Нога Хэла теперь начала сильно болеть. Она распухла и стала горячей, но он старался не обращать на это внимания. Ковыляя по глубокому, доходящему до щиколоток песку, юноша оглядывался назад.
Внезапно середина моста разлетелась комьями грязи, обломками досок и перил, которые рухнули в реку.
— Это не задержит нашего бравого полковника надолго, но, по крайней мере, он намочит штаны, — пробормотал Хэл, догнав карету.
Алтуда спрыгнул вниз и окликнул его:
— Иди на мое место. Ты должен поберечь ногу.
— Да ничего такого не случилось с моей ногой, — возразил Хэл.
— Ничего, если не считать того, что она с трудом выдерживает твой вес, — сказала Сакиина, выглядывая наружу. — Иди сюда немедленно, Гандвана! Чем дольше будешь тянуть, тем хуже будет.
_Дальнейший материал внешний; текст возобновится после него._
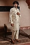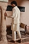 Featuring an almond ivory bundi jacket in zari satin base with zipper and piping detail, including gota, thread and stone embroidery. It is paired with a kurta and pants. Style it with a statement brooch and polished footwear for added elegance. Ideal for weddings, cocktail nights, and formal pre-wedding events.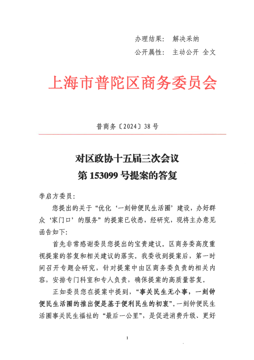 您提出的关于“优化‘一刻钟便民生活圈’建设,办好群众‘家门口’的服务”的提案已收悉,经研究,现将主办意见函告如下:

Хэл смиренно забрался в карету и сел напротив Сакиины. Не глядя на парочку, Эболи усмехнулся себе под нос. Теперь уже девушка приказывала, а Хэл повиновался. Похоже, им в спину подул попутный ветер…
— Дай-ка взглянуть на твою ногу, — велела Сакиина, и Хэл поставил ногу на сиденье между ней и Катинкой.
— Поосторожнее, олух! — рявкнула Катинка, подбирая юбки. — Ты испачкаешь кровью мое платье!
— Если не придержишь свой язычок, я тебе и еще кое-что кровью испачкаю, — заверил ее Хэл, нахмурившись.
Катинка отодвинулась от него как можно дальше.
Сакиина ощупала его ногу быстрыми уверенными движениями.
— Нужно бы наложить горячую припарку на эти укусы, они глубокие и наверняка нагноятся. Но для этого нужен кипяток…
Она вскинула на него глаза.
— Придется тебе подождать, пока мы не окажемся в горах, — сказал Хэл.
Затем на какое-то время их разговор прервался, и они просто смущенно смотрели друг другу в глаза. Они впервые оказались так близко друг к другу, и каждый ощутил в другом нечто такое, что изумляло и приводило в восторг.
Потом Сакиина встрепенулась.
— Мои лекарства в седельных сумках, — быстро произнесла она и перегнулась через спинку сиденья, чтобы добраться до багажного ящика в задней части кареты.
Она долго копалась там, ища что-то в кожаных сумках. Карета подпрыгивала на неровной дороге, и Хэл с благоговением смотрел на маленькие круглые ягодицы девушки, обращенные к небу. Несмотря на оборки и юбки, скрывавшие их, он думал, что они почти так же очаровательны, как ее лицо.
Наконец Сакиина забралась обратно, держа в руках лоскуты ткани и какую-то черную бутылку.
— Я пока положу на раны тампон с этой настойкой, а потом забинтую, — пояснила она, не глядя больше в растерянные зеленые глаза Хэла.
— Ох, стой! — Хэл задохнулся, когда смоченный настойкой тампон коснулся его ноги. — Оно жжется, как дыхание дьявола!